Apesar de ser uma cirurgia com alguma complexidade, é perfeitamente exequível em regime de ambulatório – o doente entra no próprio dia, passa uma noite e sai na manhã do dia seguinte – tornando tudo mais fácil.
Temos muita experiência, a maior parte casuística, por isso é natural que os colegas prefiram encaminhar os doentes para nós e assim terem uma probabilidade de sucesso superior. Esta cirurgia não é infalível, não há uma cirurgia perfeita. Mas é uma solução para um problema muito complicado...

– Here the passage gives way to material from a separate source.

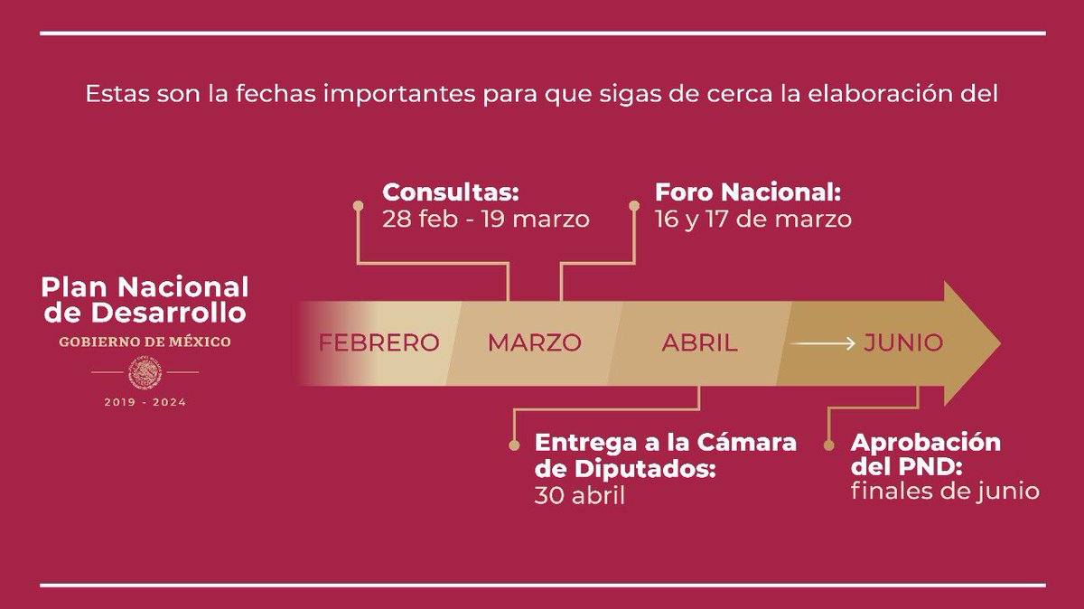 Sigue de cerca la elaboración del #PlanNacionalDeDesarrollo con las siguientes fechas y participa en la consulta digital a través de: ▶ http://www.planeandojuntos.gob.mx  ▶ http://www.planeandojuntas.gob.mx pic.twitter.com/szG4K9VlxU

P – Têm o apoio do SAMS nesta iniciativa?
R – Sem dúvida. Sem a colaboração do coordenador de Ortopedia, Dr. Carlos Ferreira, da Direção do Hospital e da Direção Clínica, seria impossível. Têm sido inexcedíveis, porque logisticamente não é fácil.
É preciso que as chefias tenham a visão de que fazer a divulgação das inovações do SAMS é importante para mostrar que aqui se trata os doentes ao mais alto nível, com técnicas muito diferenciadas que beneficiam os doentes, e assim não têm de ir a outras instituições.
E temos equipamentos inovadores. Este tipo de cirurgia implica a utilização de material sofisticado, implica um investimento da Instituição e apoio para que se possa utilizá-lo. A artroscopia utiliza equipamento muito caro e no SAMS utiliza-se equipamento de ponta. E isso traduz-se em melhores resultados para as pessoas.